▸ Exercise goal:
Could you please output all of the data exactly, without the images?

▸ Dataset content:
|---|

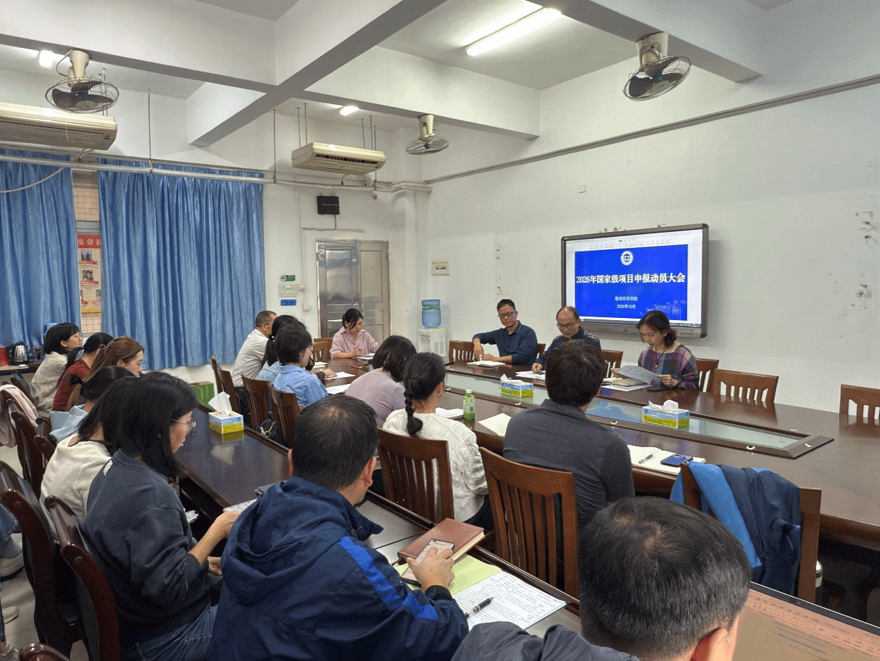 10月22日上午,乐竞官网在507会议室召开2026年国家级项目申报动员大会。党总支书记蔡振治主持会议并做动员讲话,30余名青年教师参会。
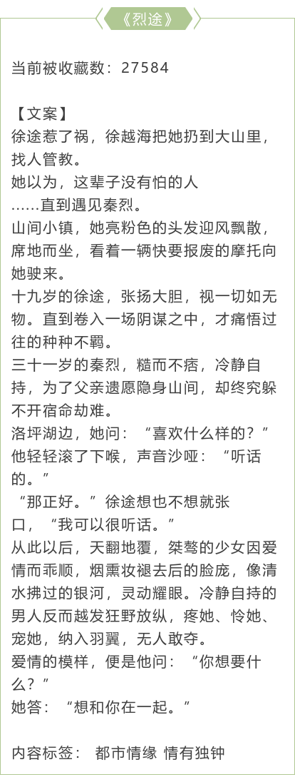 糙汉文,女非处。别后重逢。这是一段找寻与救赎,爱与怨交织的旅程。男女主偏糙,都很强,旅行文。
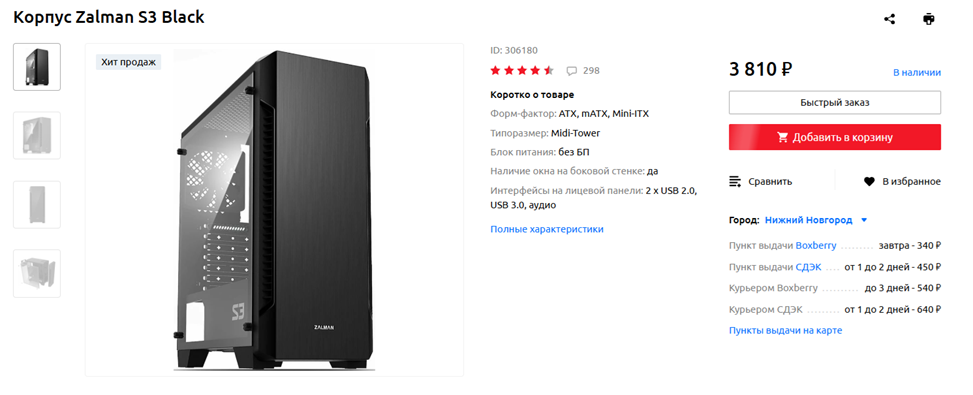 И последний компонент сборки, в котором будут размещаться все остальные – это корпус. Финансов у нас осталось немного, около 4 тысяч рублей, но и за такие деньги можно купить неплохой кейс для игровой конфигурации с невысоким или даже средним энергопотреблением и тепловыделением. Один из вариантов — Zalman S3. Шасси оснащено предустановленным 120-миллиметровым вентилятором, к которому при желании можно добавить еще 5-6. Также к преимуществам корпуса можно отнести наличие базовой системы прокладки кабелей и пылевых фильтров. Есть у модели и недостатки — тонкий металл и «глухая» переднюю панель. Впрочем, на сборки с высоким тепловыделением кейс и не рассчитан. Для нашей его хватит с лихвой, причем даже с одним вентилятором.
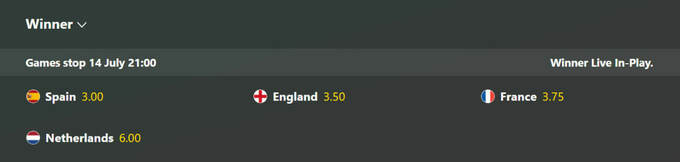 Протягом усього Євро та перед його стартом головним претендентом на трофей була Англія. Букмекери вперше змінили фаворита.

|---|

▸ Exercise result:
 10月22日上午,乐竞官网在507会议室召开2026年国家级项目申报动员大会。党总支书记蔡振治主持会议并做动员讲话,30余名青年教师参会。
 糙汉文,女非处。别后重逢。这是一段找寻与救赎,爱与怨交织的旅程。男女主偏糙,都很强,旅行文。
 И последний компонент сборки, в котором будут размещаться все остальные – это корпус. Финансов у нас осталось немного, около 4 тысяч рублей, но и за такие деньги можно купить неплохой кейс для игровой конфигурации с невысоким или даже средним энергопотреблением и тепловыделением. Один из вариантов — Zalman S3. Шасси оснащено предустановленным 120-миллиметровым вентилятором, к которому при желании можно добавить еще 5-6. Также к преимуществам корпуса можно отнести наличие базовой системы прокладки кабелей и пылевых фильтров. Есть у модели и недостатки — тонкий металл и «глухая» переднюю панель. Впрочем, на сборки с высоким тепловыделением кейс и не рассчитан. Для нашей его хватит с лихвой, причем даже с одним вентилятором.
 Протягом усього Євро та перед його стартом головним претендентом на трофей була Англія. Букмекери вперше змінили фаворита.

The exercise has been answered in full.